**WORK ITEM:** Copy the data that follows exactly, and include none of its images.

(Items from a data source)
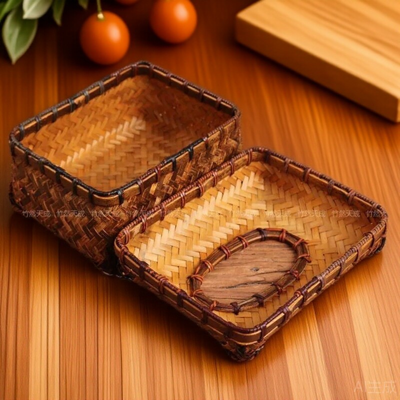 竹编纸巾盒抽纸盒紫竹新中式纸巾盒客厅高级竹子日式复古纸巾盒
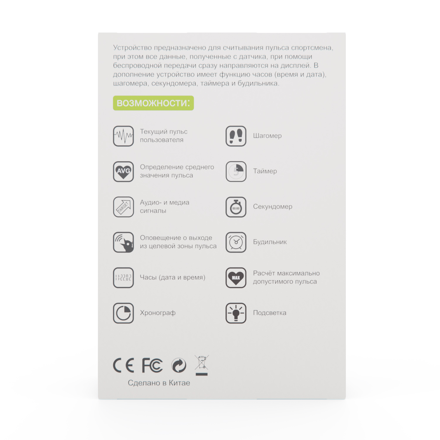 Режим таймера: устройство включает таймер общего времени тренировки, а также таймер пребывания в целевой пульсовой зоне, что помогает соблюдать нужную нагрузку.
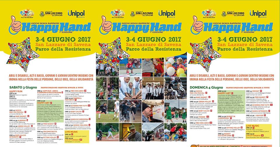 Anche quest’anno HappyHand il 4 e 5 giugno a San Lazzaro di Savena nel parco della Resistenza
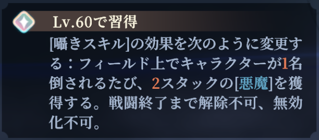 | 悪魔の誘惑 | フィールド上でキャラクターが1名倒されるたび、1スタックの[悪魔]*2を獲得する。解除・無効化不可。戦闘終了まで継続する |
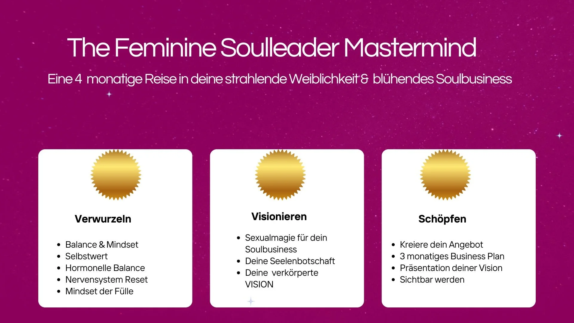 IHR SOULBUSINESS mit einem funktionierenden Business Plan & viel Unterstützung aus der Gruppe professionell zu verwirklichen. Durch deine klare Seelenbotschaft ziehst Du die richtigen Klienten an, die dein Angebot wirklich schätzen.

**WORKED SOLUTION:**
 竹编纸巾盒抽纸盒紫竹新中式纸巾盒客厅高级竹子日式复古纸巾盒
 Режим таймера: устройство включает таймер общего времени тренировки, а также таймер пребывания в целевой пульсовой зоне, что помогает соблюдать нужную нагрузку.
 Anche quest’anno HappyHand il 4 e 5 giugno a San Lazzaro di Savena nel parco della Resistenza
 | 悪魔の誘惑 | フィールド上でキャラクターが1名倒されるたび、1スタックの[悪魔]*2を獲得する。解除・無効化不可。戦闘終了まで継続する |
 IHR SOULBUSINESS mit einem funktionierenden Business Plan & viel Unterstützung aus der Gruppe professionell zu verwirklichen. Durch deine klare Seelenbotschaft ziehst Du die richtigen Klienten an, die dein Angebot wirklich schätzen.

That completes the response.